In the options of the manopt-web repo, I did this:

  1. Selected the source as the gh-pages branch

  2. Set the custom domain as www.manopt.org -- I think this was the real culprit. I had originally set it as manopt.org, under the impression that this was mandatory (I only ever saw examples of that form), but resolution was coincidental with that change.

  3. Clicked "Enforce HTTPS", though not sure if that was part of the solution.

-- hopefully, this does the trick.

Best,
Nicolas

from manopt.

NicolasBoumal avatar NicolasBoumal commented on August 19, 2024

Hello Jesus,

I'm finally getting back to this. I let it sit for a while because this seemed like risky business and not particularly urgent, but let's give it a try. I'm keeping track of everything here for future reference.

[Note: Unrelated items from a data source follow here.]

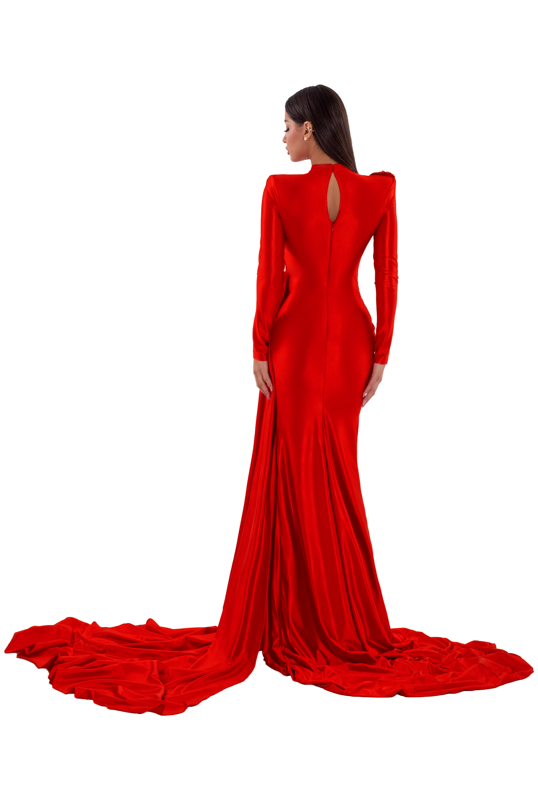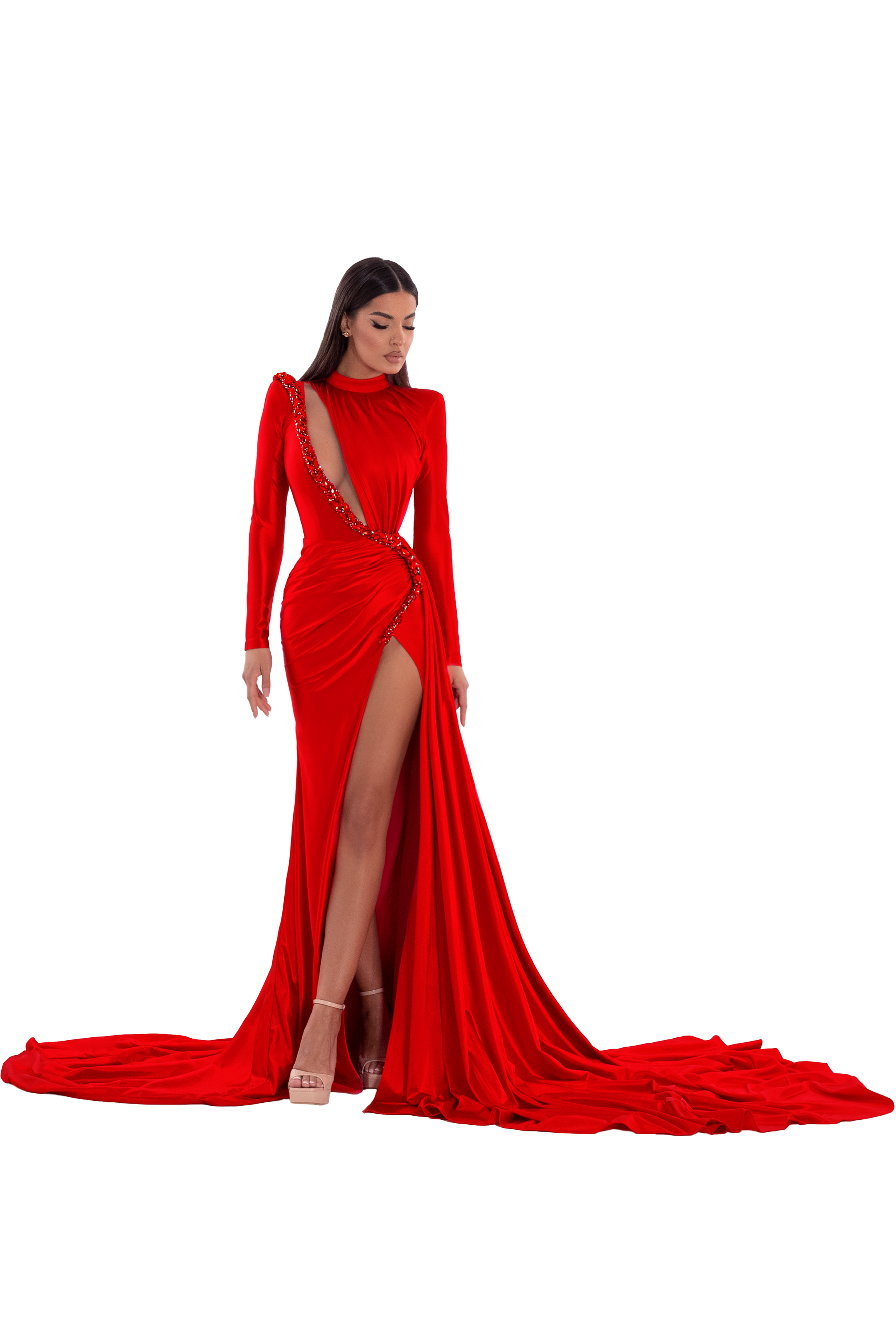 THE BOTTOM OF THE DRESS HAS SLIT ON A LEFT SIDE AND WITH A LONG TAIL.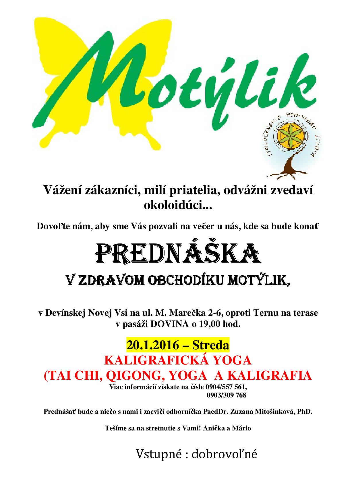 Zoznámte sa s kaligrafickou jogou. Malú ukážku môžte zažiť v Motýliku 20.1.2016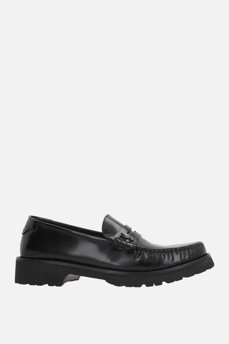 Saint Laurent's loafers crafted in black shiny leather. Featuring an almond-toe silhouette, leather lining and lug rubber sole. The design is completed by the unmistakable logo embossed at heel and metal interlocking YSL signature on side.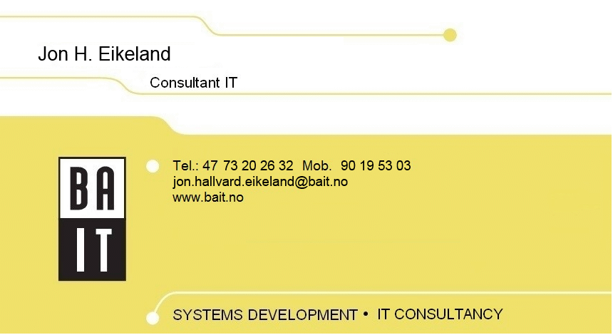 Bachelor i Ingeniørfag, IKT (HiST). Dag har tidligere arbeidet i BAS, Teknisk Data og Fjellanger Widerøe. Han startet opp BAIT AS i 1997.

I checked out my local master branch and made sure there were no dangling, uncommitted changes etc. My local branch is up to date with the remote branch.

I ran this to check the size of the repo:
git count-objects -vH
The result was: about 40Mb in the pack, and 40Mb of garbage.

Following your recommendations, I ran these commands to erase folders web/ and releases/ recursively:

git filter-branch --force --index-filter 'git rm --cached --ignore-unmatch web -r' --prune-empty --tag-name-filter cat -- --all
git filter-branch --force --index-filter 'git rm --cached --ignore-unmatch releases -r' --prune-empty --tag-name-filter cat -- --all

Then I ran the garbage collector:
git gc --aggressive

This generated the following message:
"Unlink of file '.git/objects/pack/pack-###some code###.pack' failed. Should I try again? (y/n)"
Answering "y" kept failing. Closing Matlab resolved this issue.

Then I re-assessed the size of the repo:
git count-objects -vH
The good news is that the garbage was gone, but the pack was still pretty much occupying 40Mb, not much less.

To figure out what is taking space, I first ran this command, taken from a conversation here:
git verify-pack -v .git/objects/pack/pack-###some other code###.idx | sort -k 3 -n | tail -10

Then, I ran this command a few times using the sha1's that came out of the previous command:
git rev-list --objects --all | grep [first few chars of the sha1 from previous output]

It turned out that a long long time ago there was a repository called publicrelations/ that contained a video, so I removed that too:
git filter-branch --force --index-filter 'git rm --cached --ignore-unmatch publicrelations -r' --prune-empty --tag-name-filter cat -- --all

Then this again:
git gc --aggressive
git count-objects -vH

But the pack still occupies ~40Mb...

I thought maybe I need to force push for things to somehow "sink in":
git push origin master --force

But it doesn't have an effect on the pack size.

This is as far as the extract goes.